I'm walking along this road, on a cold, dark, seemingly evil winter night. My dark hair, skin and clothing make me invisable. A car drives past, seemingly unaware of the black silouette standing in the dark mist. The car carries on out of sight, and I'm still invisable. So as I walk, I think. I think to Myself about the meaning of life, a mysterious and controversial (Not to mention extremely cliche) issue. And this is my conclusion.
So, maybe God exists. He could be looking at me right now. I think about God all the time. I used to think about him especially when I had my doubts about whether he existed. But now I know I must beleive in Him, because I prayed to him, crying to him because I was scared I'd lost him, scared I didn't beleive. So I'm a Christian for sure.
But I can't help but think, what if he doesn't exist? Then what comes after death?
Nothing. Non-existence. A bleak Darkness of No thinking, Nothing, I would not be. And Life on earth would carry on without me knowing, because 'me' would be a mere memory.
But Heaven? Another controversial issue. A place of greatness and paradise. Perhaps the Biblical Garden of Eden. And Hell, the other end of the scale, what I think of as a never ending pit of horror and pain and sorrow, of Darkness and Illness and Desperation and Starvation.
And God, what is he?
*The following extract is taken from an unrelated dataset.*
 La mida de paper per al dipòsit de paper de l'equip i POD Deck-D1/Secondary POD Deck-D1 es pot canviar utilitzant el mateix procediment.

Is he Lord? Why should he Love us, after all we've done to him? Killing his son, turning away from his Spirit. So many of us can't comprehend that we just can't understand him. He is something too great and too mighty.
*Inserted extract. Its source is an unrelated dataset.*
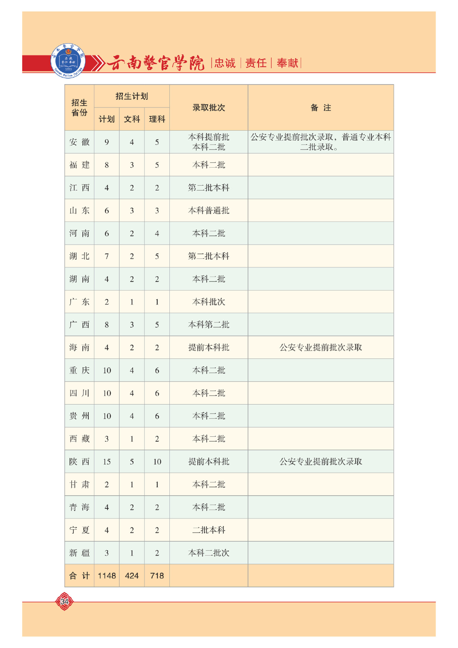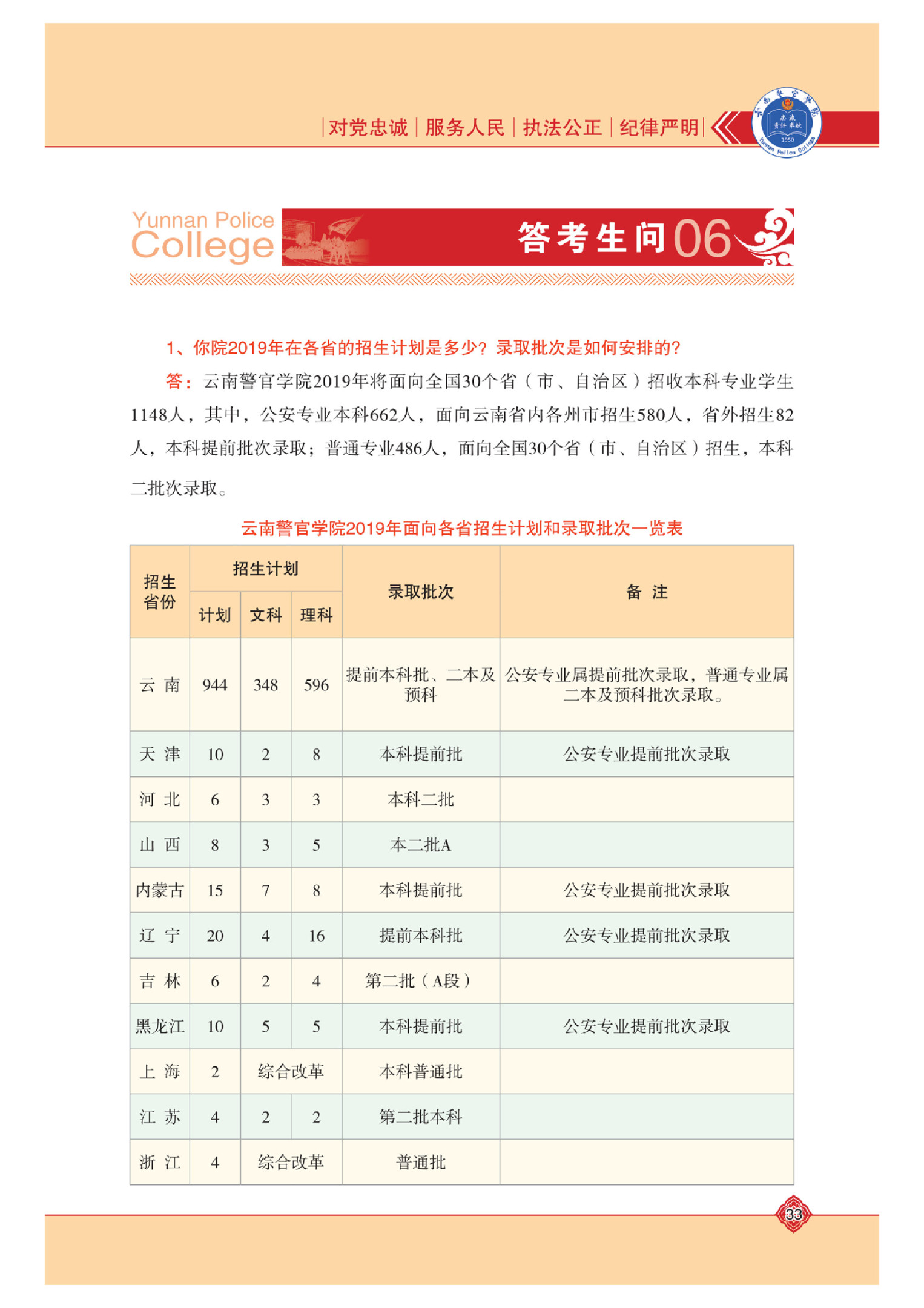 云南警官學(xué)院2019年公安專業(yè)省內(nèi)招生計劃一覽表

So why don't we all just kill ourselves? Commit suicide? Find out what's after death? Non-existence? Heaven? Some other fate? I'll tell you why. We're afraid. We're afraid to kill ourselves, to loose everything we've ever known. Maybe for something better, but it could justas easily be for somethng worse. We are in this Life until we're forced out of it. We are in this Life, to learn about this Life. We must Love, lose, cherish and Die. And that is what is in my opinion, the truth.